(Reuters) – Wolfspeed on Wednesday forecast quarterly revenue below expectations and said it would book $174 million in restructuring charges for a planned facility closure, as the chipmaker faces sluggish demand from auto customers.
Shares of the company, which counts General Motors and Mercedes-Benz among its customers, fell 15% in extended trading.
Slowing sales of electric vehicles have affected demand for the chips Wolfspeed makes based on silicon carbide, a more energy-efficient material than standard silicon.
The company last month dropped plans to build a factory in Ensdorf, Germany, citing slower adoption of electric vehicles in Europe.
In October, rival ON Semiconductor also forecast fourth-quarter revenue and profit to be below market estimates.
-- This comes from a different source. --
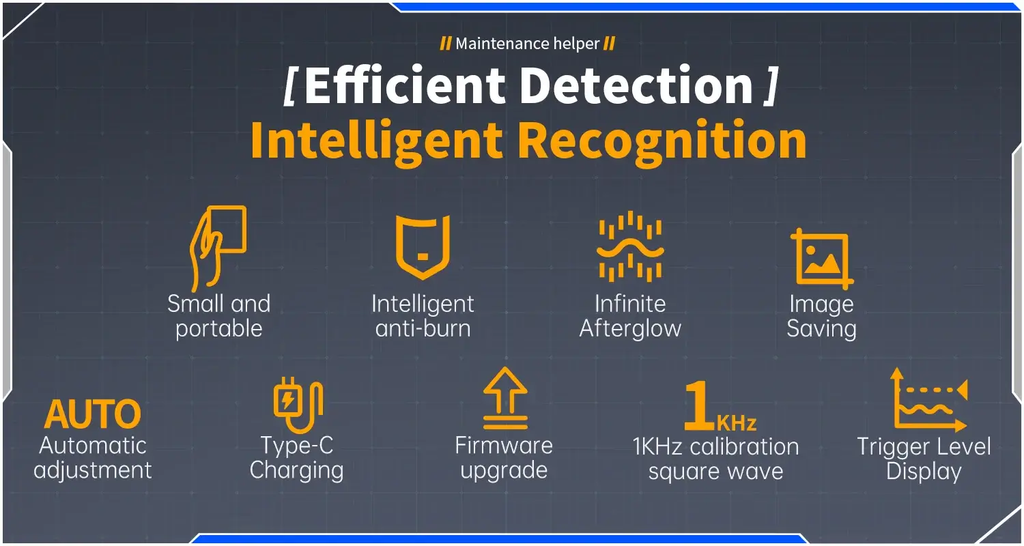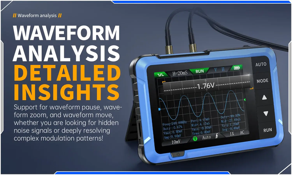 Máy đo hiện sóng FNIRSI® DSO-510 Mini Handheld Digital Oscilloscope + Signal Generator có tốc độ lấy mẫu cao 48 MS/s và băng thông 10 MHz giúp theo dõi tín hiệu nhanh và chính xác với dải đo điện áp lên đến ±400V. Thiết bị còn sở hữu chức năng AUTO một chạm giúp tối ưu nhanh các thông số đo. Đồng thời, với bộ phát tín hiệu DDS hỗ trợ đến 13 dạng sóng và tần số tối đa 50kHz, DSO-510 cung cấp khả năng đo đạc cơ bản nhưng hiệu quả, máy được thiết kế nhỏ gọn và tiện lợi cho các kỹ sư điện tử, sinh viên và những người đam mê DIY.

Wolfspeed expects second-quarter revenue from continuing operations to be between $160 million and $200 million, below analyst estimates of $214.6 million, according to data compiled by LSEG.
It expects a quarterly adjusted loss per share of 89 cents to $1.14, compared with estimates of a loss of 90 cents.
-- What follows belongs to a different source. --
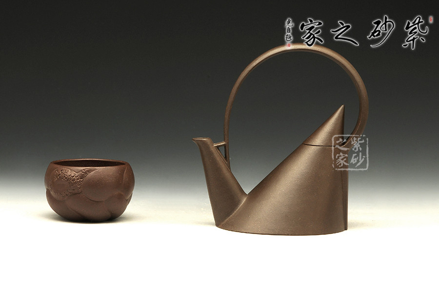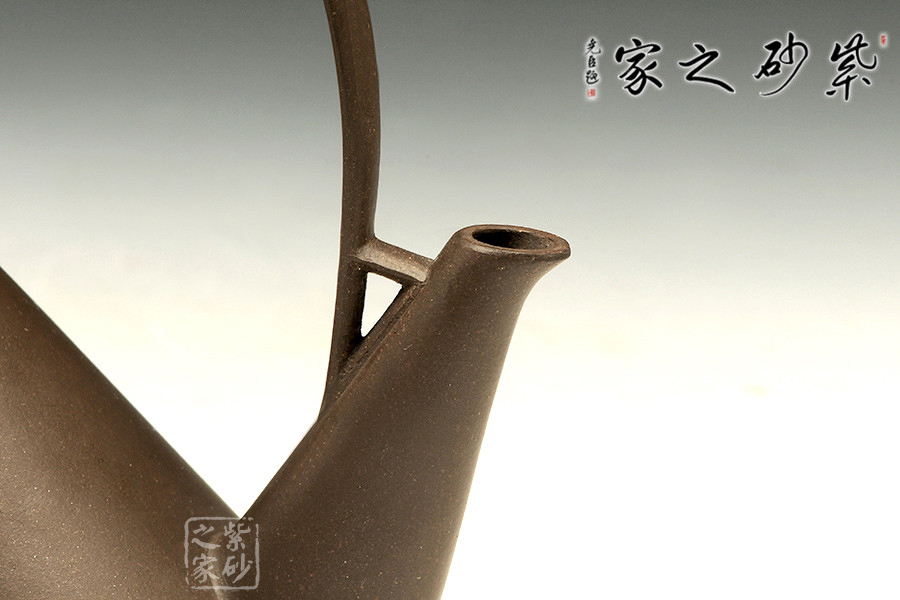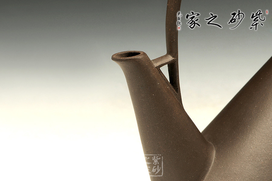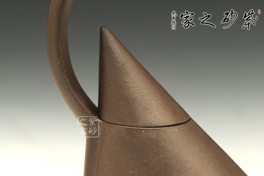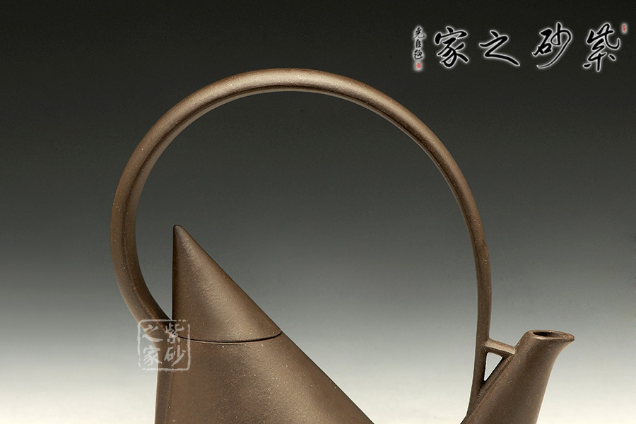 紫砂茗壺注重傳統(tǒng),更包容創(chuàng)新。陳國良老師所制的這款小天山壺提梁后仰如天山山峰,自持而優(yōu)美。不對等的三角造型,凌厲而出,線條筆挺。壺身壺蓋之處為以整體,和壺嘴而對立,一大一小似山峰,遙相對望,巍峨而出,不明古意,似有真意,把玩佳器!

Wolfspeed has seen costs rise as it closed its 150mm chip plant in Durham to focus on its more efficient 200mm chip plant in Mohawk Valley.
The company expects to record $174 million in restructuring-related charges in the current quarter, after recording $87.1 million in such charges during the first fiscal quarter ended September 29, including severance payments.
Turnover for the first quarter also fell below expectations. The company said its Mohawk Valley facility in New York, which is not yet fully utilized, contributed about $49 million in revenue, the same as in the previous quarter.
The company said last month it would receive up to $750 million in funding under the CHIPS and Science Act to support the expansion of its North Carolina-based chip plant and Mohawk Valley plant.